Rangefinderforum.com Portal - Rangefinderforum


----------



## Derrel (Jul 26, 2017)

See if there is exposure compensatioin dialed in b y accident. Can you change the ISO level to compensate? Can you work from a mential "offset" off this wonky meter?

With that weird ATL or "above the lens" CDS metering cell located in the filter ring area...does the lens have a filter threaded in, one that might fool the meter into using sloooooow exposures?


----------



## rlevine (Jul 27, 2017)

Thanks for the input y'all. It's not the settings (exposure compensation or ISO setting) - ISO400 should be plenty fast for the conditions I've been testing it in. And there's no filter.
The cameraquest page is actually where I learned of this camera, and it lists the battery as "Eveready 644 equivalent". The only one I've found local to me is the Duracell I mentioned.
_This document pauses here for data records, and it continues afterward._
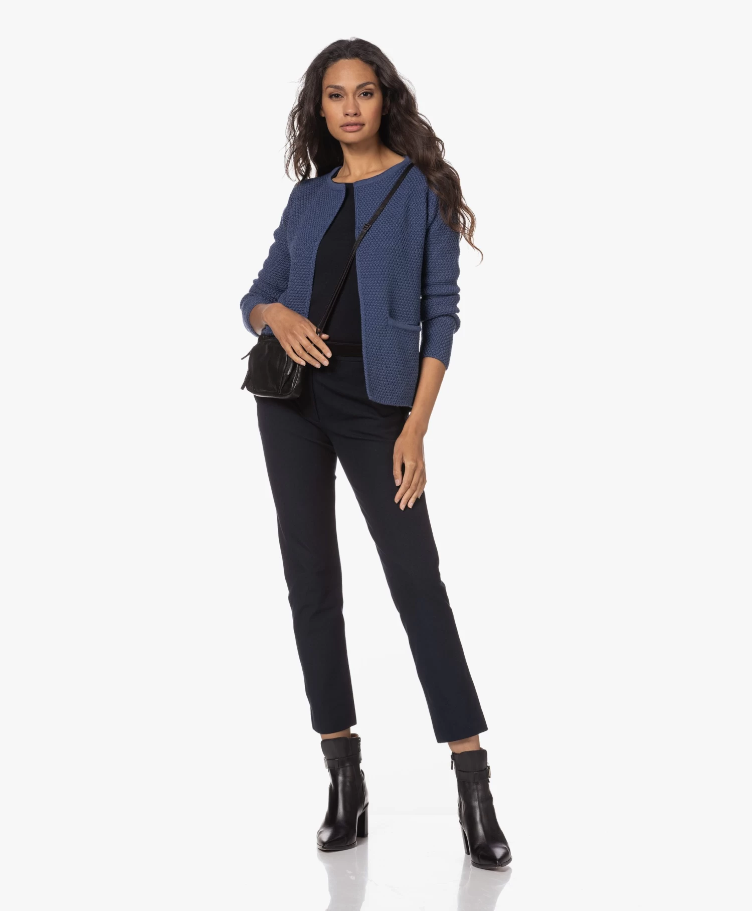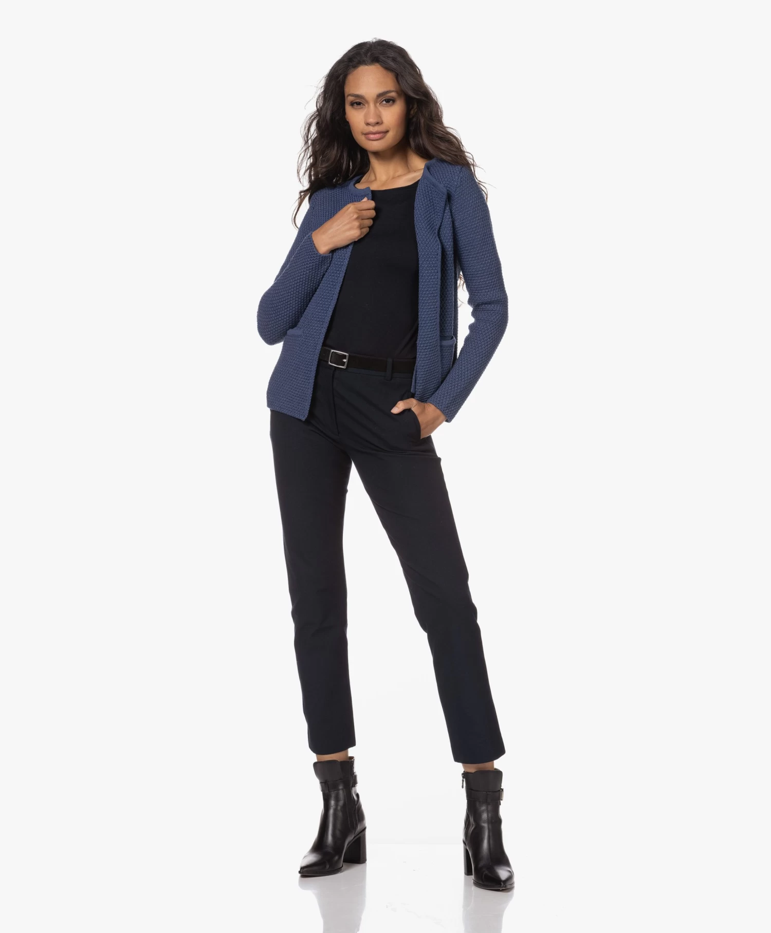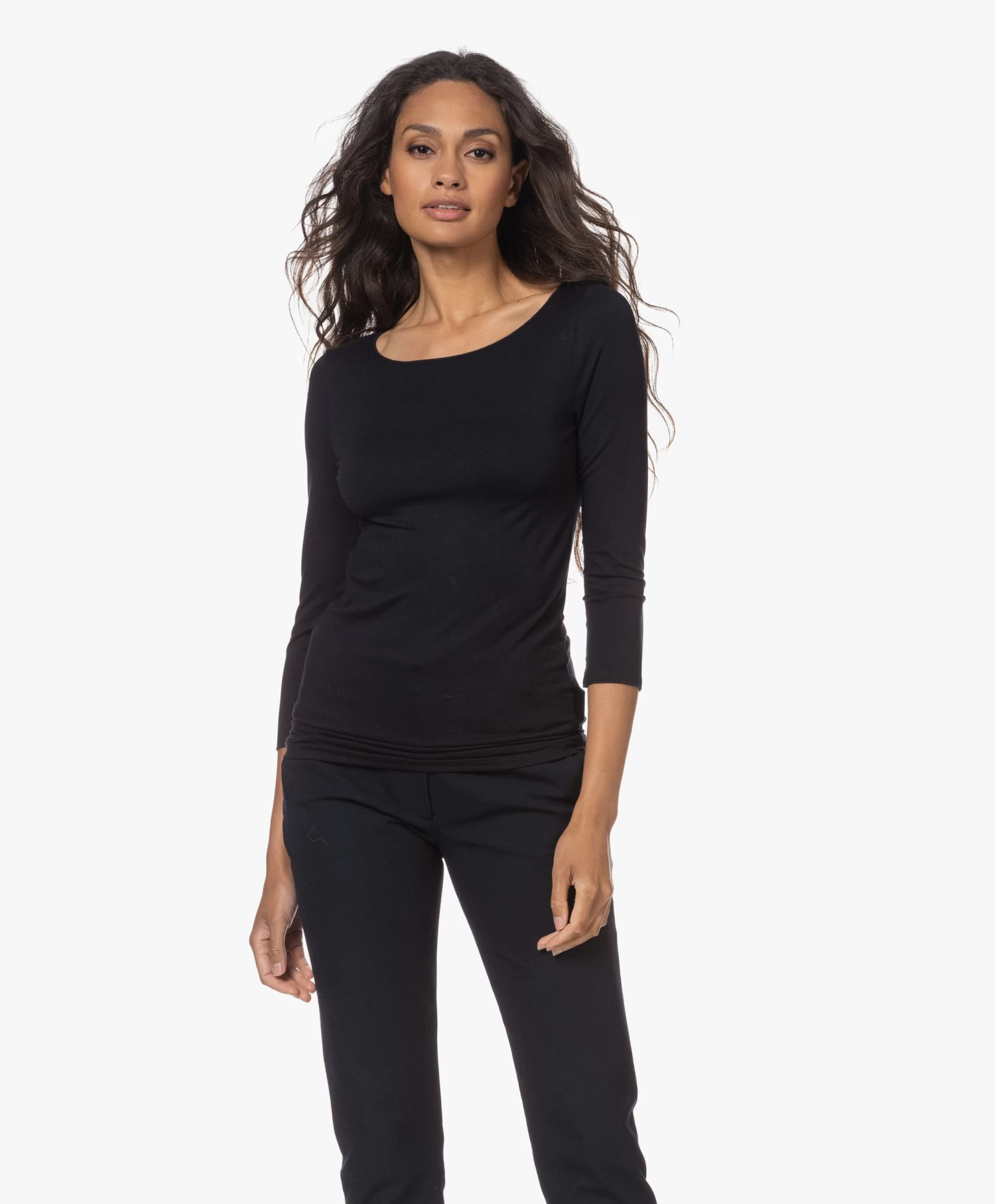 Vrouwelijk én flatterend – dit jersey T-shirt met driekwart mouwen van Majestic Filatures in een donkerblauwe tint. Gemaakt van een super comfortabele en zachte stretch-viscose mix in de karakteristieke ‘extrafine superwashed’ jersey kwaliteit van het merk. Draag zowel solo als gelaagd.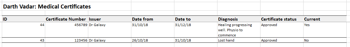 Reports can be run from the overall case management page or from individual sections within a case. In both cases, the steps to run the report are the same. The examples below uses the medical certificates page to illustrate the steps.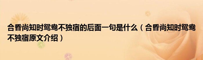 大家好,伊人來(lái)為大家解答以上問(wèn)題。合昏尚知時(shí)鴛鴦不獨(dú)宿的后面一句是什么,合昏尚知時(shí)鴛鴦不獨(dú)宿原文介紹很多人還不知道,現(xiàn)在讓我們一起來(lái)看看吧!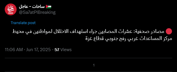 مصادر صحفية: عشرات المصابين جراء استهداف الاحتلال لمواطنين في محيط مركز المساعدات غربي رفح جنوبي قطاع غزة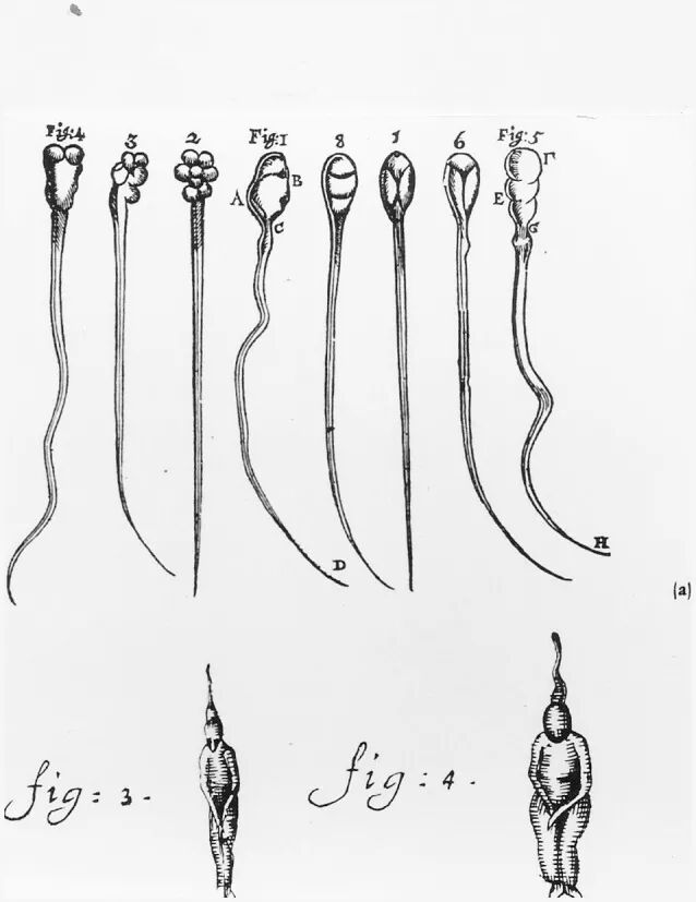 The 17th century conception of spermatozoa (A van Leeuwenhoek).

I've looked around online a ton and haven't seen anyone writing about using this particular battery in this camera, which is why I thought maybe that's the issue. I suppose I'll order some batteries and see if that makes a difference.


----------



## rlevine (Jul 27, 2017)

Hmm. I picked up a bunch of LR44's - 4 stacked is what some folks use for the 35cc - and I still have the same issue.


----------



## vintagesnaps (Jul 27, 2017)

I was going to suggest Freestyle because they give some equivalents. There's one that comes up for LR44 that's alkaline; I found some of those zinc air batteries don't last all that long.
Search Results | Freestyle Photographic Supplies 

If it's not the battery I wonder if it's the meter; then probably getting another meter (handheld) would be an option.


----------



## cgw (Jul 27, 2017)

_Or other issue I should be looking into?_
I'd say the very real possibility of smoked, ancient electronics. It's a relic. Play with batteries and shoot a roll--the only way to determine if it's just a paperweight/doorstop/tchotchke.


----------



## john.margetts (Jul 28, 2017)

If the meter wants longer shutter speeds than a known reliable meter, the thing I would look at first is dirt. That means cleaning both the outside and inside of the meter window. 

Another technique I find useful is to spend an hour or so in front of the TV, repeatedly adjusting aperture, ASA, and anything else that can be adjusted. This gets the electrical contacts clean (or at least cleaner) as 40-odd years can allow those contacts to tarnish.

Sent from my 8070 using Tapatalk


----------



## compur (Aug 1, 2017)

The battery in your first post is the right one so it's not the battery.

As noted above I would try cleaning the meter window and also clean the battery compartment with rubbing alcohol.

If that doesn't work then I would use a hand-held meter as repair would cost more than finding another with an accurate meter.


----------